─── DATASET RECORDS

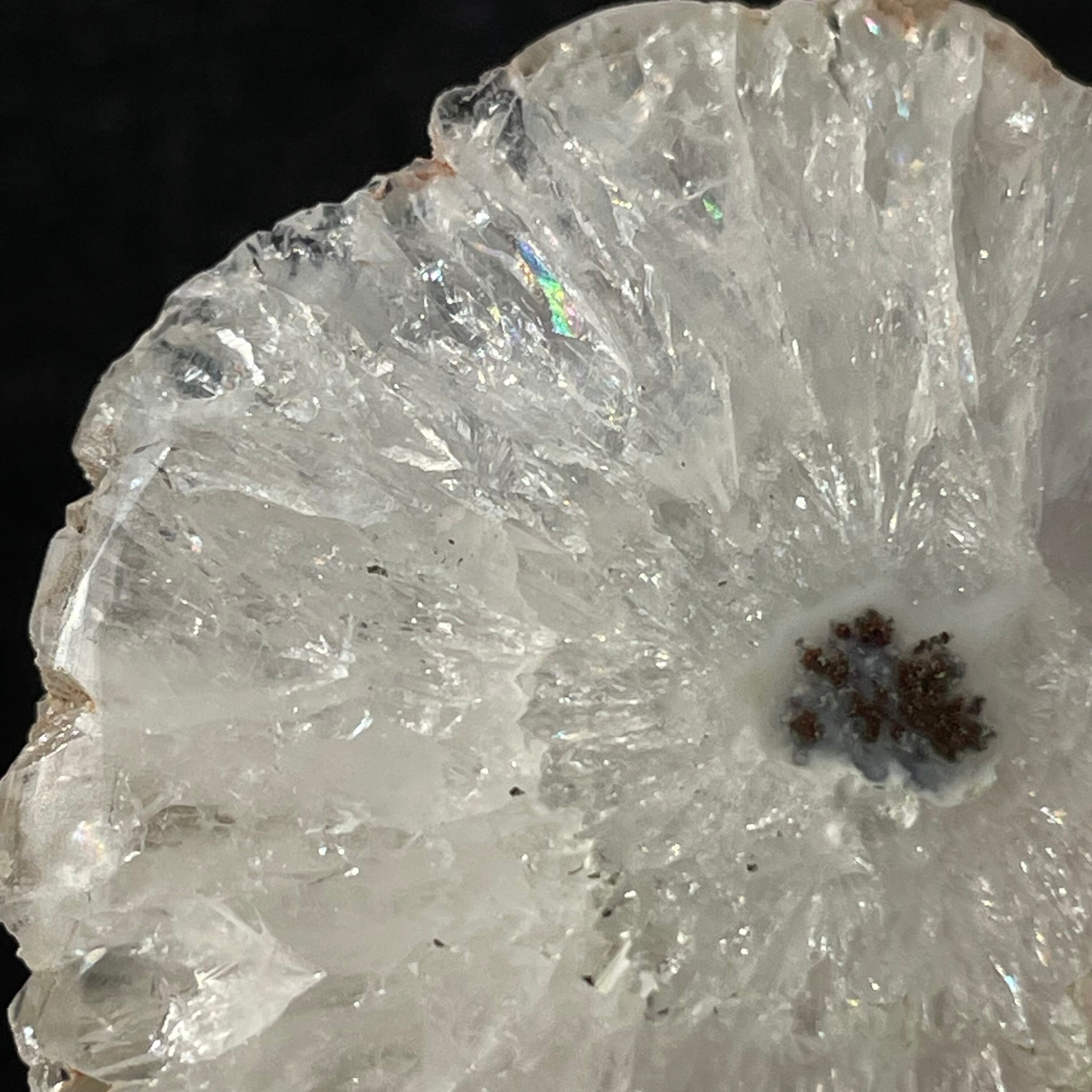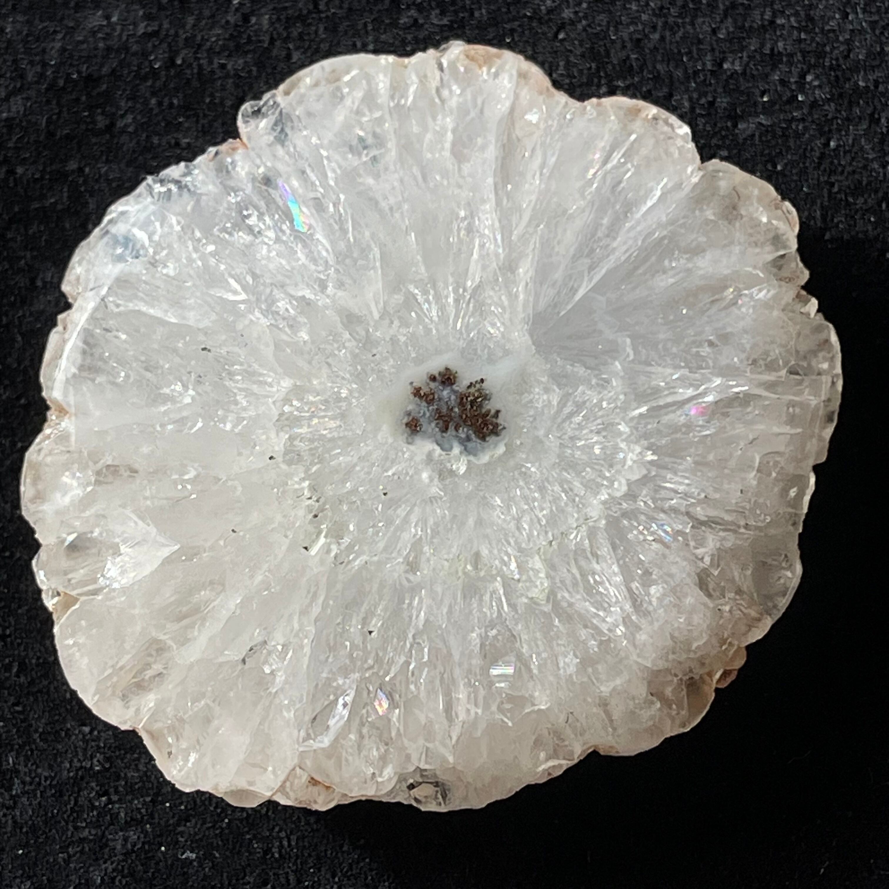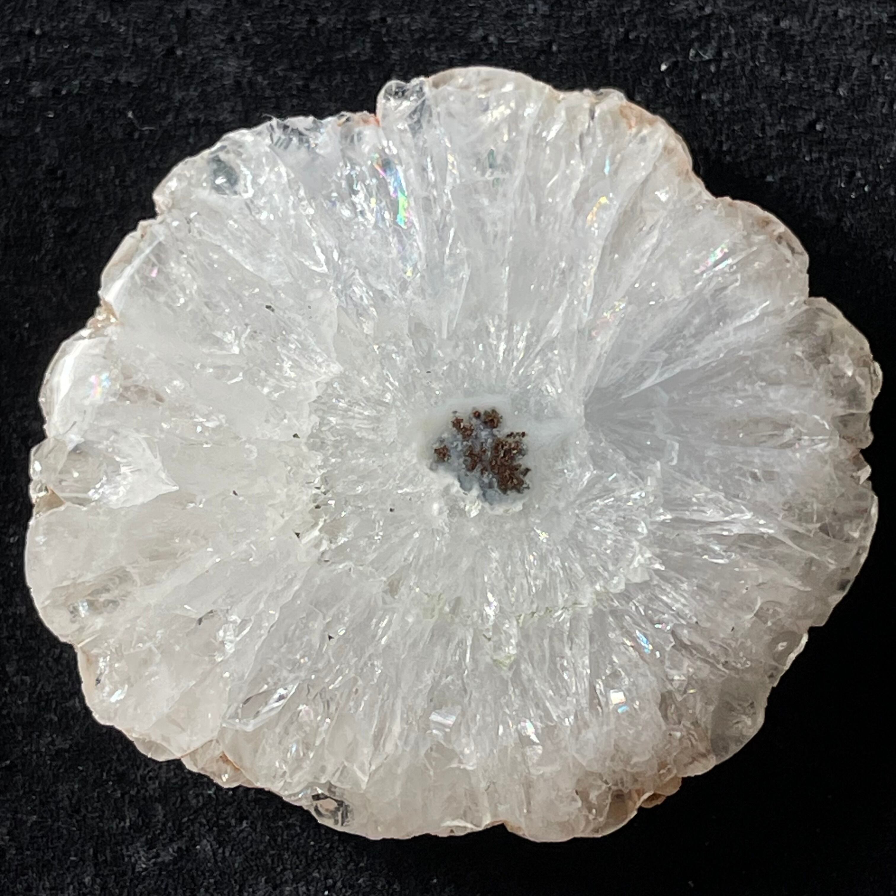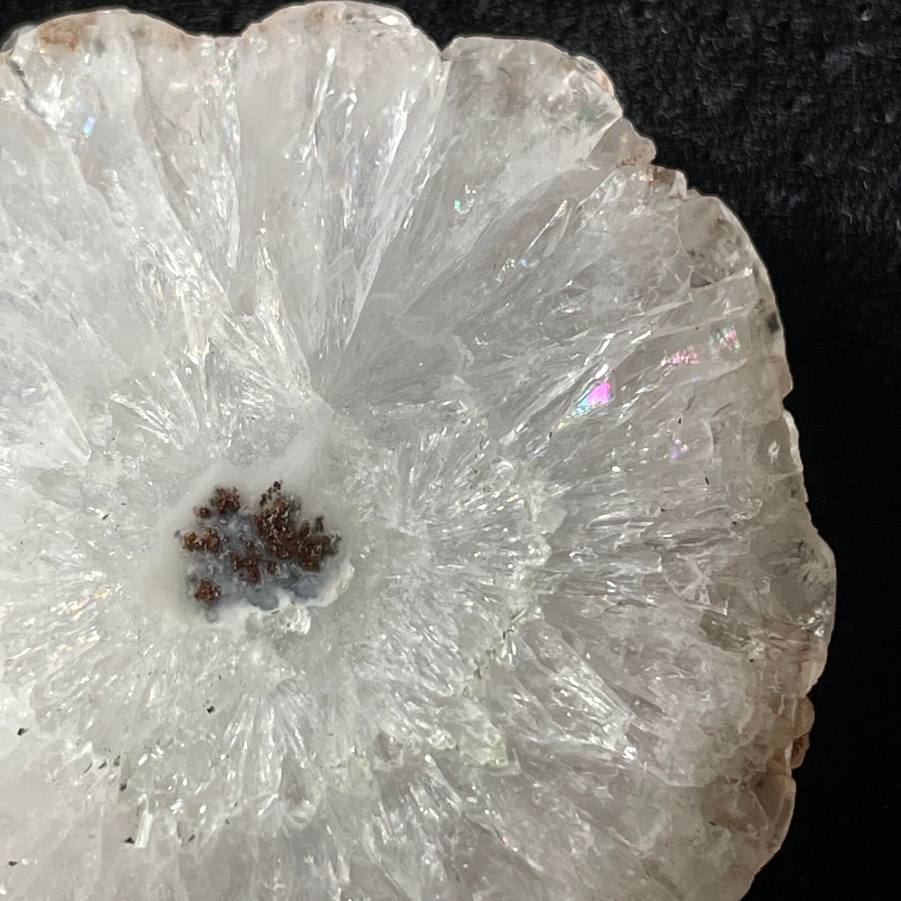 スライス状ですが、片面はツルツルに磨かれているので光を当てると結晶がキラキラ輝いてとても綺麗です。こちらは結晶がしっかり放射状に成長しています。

──────
─── DATASET RECORDS

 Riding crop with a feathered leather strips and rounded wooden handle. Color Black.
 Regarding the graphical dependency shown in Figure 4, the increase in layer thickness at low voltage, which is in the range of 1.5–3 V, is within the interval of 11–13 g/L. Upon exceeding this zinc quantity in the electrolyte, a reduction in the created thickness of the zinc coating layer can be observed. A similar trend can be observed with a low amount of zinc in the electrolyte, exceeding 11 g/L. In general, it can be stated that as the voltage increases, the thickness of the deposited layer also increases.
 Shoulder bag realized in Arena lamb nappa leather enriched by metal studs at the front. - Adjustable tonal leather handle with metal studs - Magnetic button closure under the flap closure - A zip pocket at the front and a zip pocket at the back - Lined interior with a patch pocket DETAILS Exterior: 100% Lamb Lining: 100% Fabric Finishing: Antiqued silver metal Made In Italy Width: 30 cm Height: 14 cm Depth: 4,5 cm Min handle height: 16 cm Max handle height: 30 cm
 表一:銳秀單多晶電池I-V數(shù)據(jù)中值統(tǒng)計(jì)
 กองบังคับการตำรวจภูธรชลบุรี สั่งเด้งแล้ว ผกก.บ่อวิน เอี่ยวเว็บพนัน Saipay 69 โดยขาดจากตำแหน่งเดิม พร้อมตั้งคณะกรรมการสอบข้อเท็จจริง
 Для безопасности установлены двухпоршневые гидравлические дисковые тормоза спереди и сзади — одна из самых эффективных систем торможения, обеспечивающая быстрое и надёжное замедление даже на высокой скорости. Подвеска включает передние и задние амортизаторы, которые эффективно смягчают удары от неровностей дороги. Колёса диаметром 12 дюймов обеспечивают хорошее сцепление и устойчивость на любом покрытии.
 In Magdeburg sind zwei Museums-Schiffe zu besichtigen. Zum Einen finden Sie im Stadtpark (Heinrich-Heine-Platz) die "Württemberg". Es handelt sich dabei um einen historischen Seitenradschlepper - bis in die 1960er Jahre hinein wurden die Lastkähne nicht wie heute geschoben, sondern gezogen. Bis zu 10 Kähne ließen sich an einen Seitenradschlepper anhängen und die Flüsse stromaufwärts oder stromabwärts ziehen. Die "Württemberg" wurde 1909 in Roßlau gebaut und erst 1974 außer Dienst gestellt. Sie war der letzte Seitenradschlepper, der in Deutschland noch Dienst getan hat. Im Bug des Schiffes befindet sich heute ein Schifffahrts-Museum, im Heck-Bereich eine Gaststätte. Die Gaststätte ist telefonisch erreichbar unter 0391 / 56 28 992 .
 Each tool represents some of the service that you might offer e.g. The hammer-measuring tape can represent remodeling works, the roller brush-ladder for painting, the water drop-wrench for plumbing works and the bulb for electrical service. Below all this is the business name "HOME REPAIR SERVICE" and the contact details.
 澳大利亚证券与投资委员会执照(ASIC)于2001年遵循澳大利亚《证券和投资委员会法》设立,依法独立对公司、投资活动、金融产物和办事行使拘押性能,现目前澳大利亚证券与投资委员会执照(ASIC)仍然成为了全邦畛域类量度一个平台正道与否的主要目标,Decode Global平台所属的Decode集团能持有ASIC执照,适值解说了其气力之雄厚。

──────
─── DATASET RECORDS

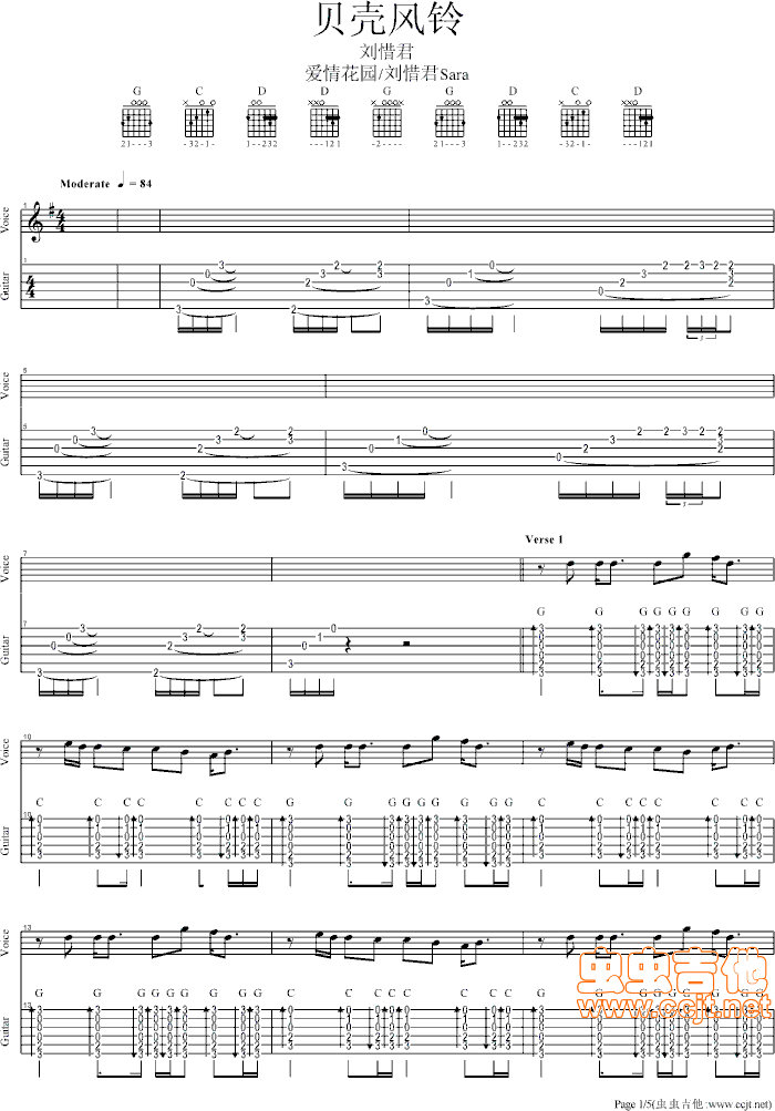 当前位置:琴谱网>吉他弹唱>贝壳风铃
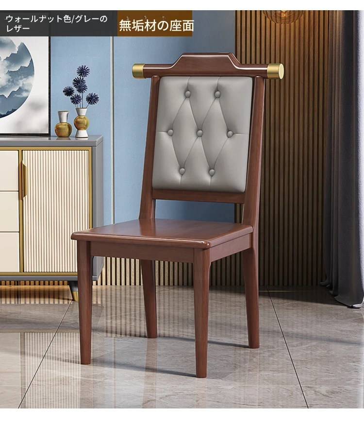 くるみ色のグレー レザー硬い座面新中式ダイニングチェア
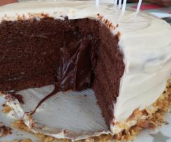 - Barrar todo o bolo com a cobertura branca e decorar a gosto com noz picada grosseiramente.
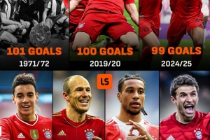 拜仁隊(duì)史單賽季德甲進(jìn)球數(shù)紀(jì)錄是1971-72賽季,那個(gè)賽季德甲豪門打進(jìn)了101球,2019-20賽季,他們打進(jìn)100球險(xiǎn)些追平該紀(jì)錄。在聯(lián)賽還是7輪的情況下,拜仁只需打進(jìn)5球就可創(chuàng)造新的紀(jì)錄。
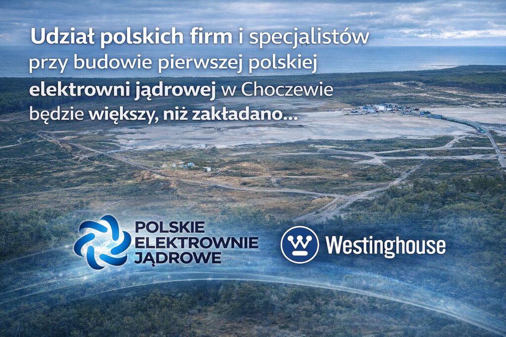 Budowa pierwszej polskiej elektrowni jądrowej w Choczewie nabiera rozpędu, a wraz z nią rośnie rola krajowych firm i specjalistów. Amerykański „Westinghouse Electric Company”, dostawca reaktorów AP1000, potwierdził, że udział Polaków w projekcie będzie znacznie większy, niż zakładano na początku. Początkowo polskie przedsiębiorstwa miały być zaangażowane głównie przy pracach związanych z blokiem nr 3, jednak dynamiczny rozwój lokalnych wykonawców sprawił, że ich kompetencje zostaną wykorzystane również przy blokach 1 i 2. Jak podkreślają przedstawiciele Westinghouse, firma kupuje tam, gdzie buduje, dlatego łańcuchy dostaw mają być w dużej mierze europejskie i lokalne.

──────

§ YOUR OBJECTIVE:
Find how many lines of the entries contain "leather". Respond with the number only.

§ RESULT OF THIS EXERCISE:
2